Thee accurate forecasting of PV power output enables smart grids to efficiently manage and integrate solar energy generation [
5]. PV power forecasting in smart grids can be practically applied from four perspectives. First, energy management enables grid operators to plan and adjust power supply to reliably meet demand. By accurately predicting renewable energy generation, operators dynamically regulate electricity supply in real-time, reduce the risk of blackouts, and enhance grid reliability. Second, long-term planning for future capacity requirements supports informed investment decisions in grid infrastructure. Third, forecasting assists in energy market operations by helping to set prices and facilitating renewable energy credit trading. Finally, risk management involves identifying potential supply disruptions and taking appropriate measures to minimize their impact [
6]. However, PV power production is highly susceptible to weather conditions and other environmental factors, exhibiting inherent intermittency, volatility, and randomness. These characteristics pose considerable challenges to achieving high-precision PV power prediction and smart control.

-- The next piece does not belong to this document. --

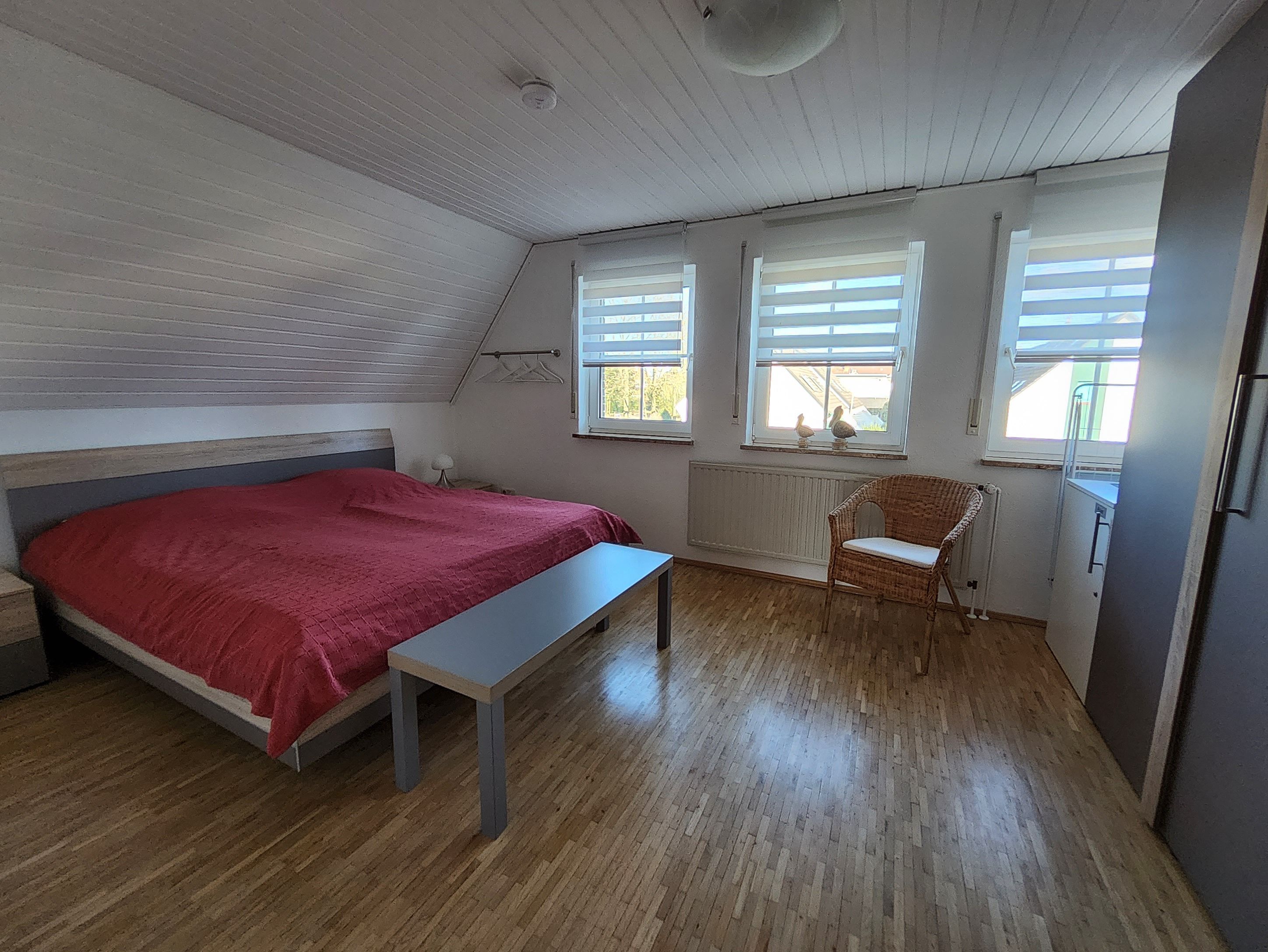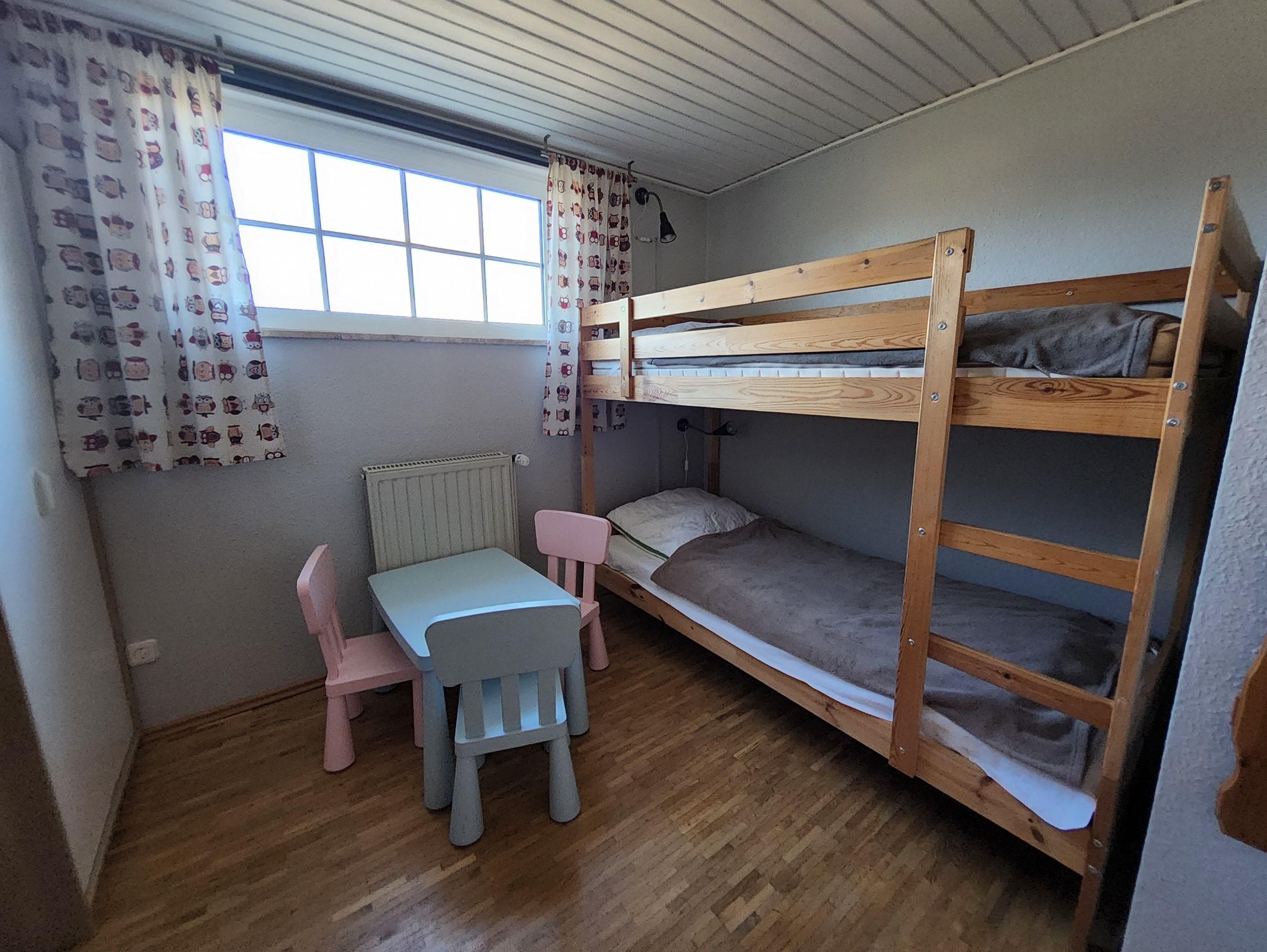 Auf der gleichen Etage befinden sich das Duschbad mit WC, ein großes Schlafzimmer mit Doppelbett (1,80 x 2m) sowie ein weiteres Schlafzimmer bis Ende Oktober 2025 mit Etagenbett, ab November 2025 mit Einzelbett.

Numerous researchers have been actively engaged in the study of photovoltaic PV power forecasting. PV power forecasting methods can be generally categorized into physical models, statistical learning methods, and machine learning models [
7]. Physical models establish mathematical relationships between PV power output and solar radiation, typically calculated using numerical weather prediction or satellite-derived models [
8]. These approaches require detailed considerations such as PV system location, panel tilt angle and orientation as well as weather conditions. However, the effectiveness of physical methods is often constrained by model complexity and computational burden, particularly for high-precision modeling [
9]. Statistical methods establish mathematical models by extracting patterns of variation from historical data. Compared with physical models, these approaches are generally more suitable for short-term forecasting [
10]. Existing statistics-based time series methods have been applied to capture correlations in PV power curves, including exponential smoothing [
11], ARMA [
12], ARIMA [
13], and SARIMA [
14]. Although these methods are computationally efficient, their simple structures limit their ability to model complex nonlinear relationships.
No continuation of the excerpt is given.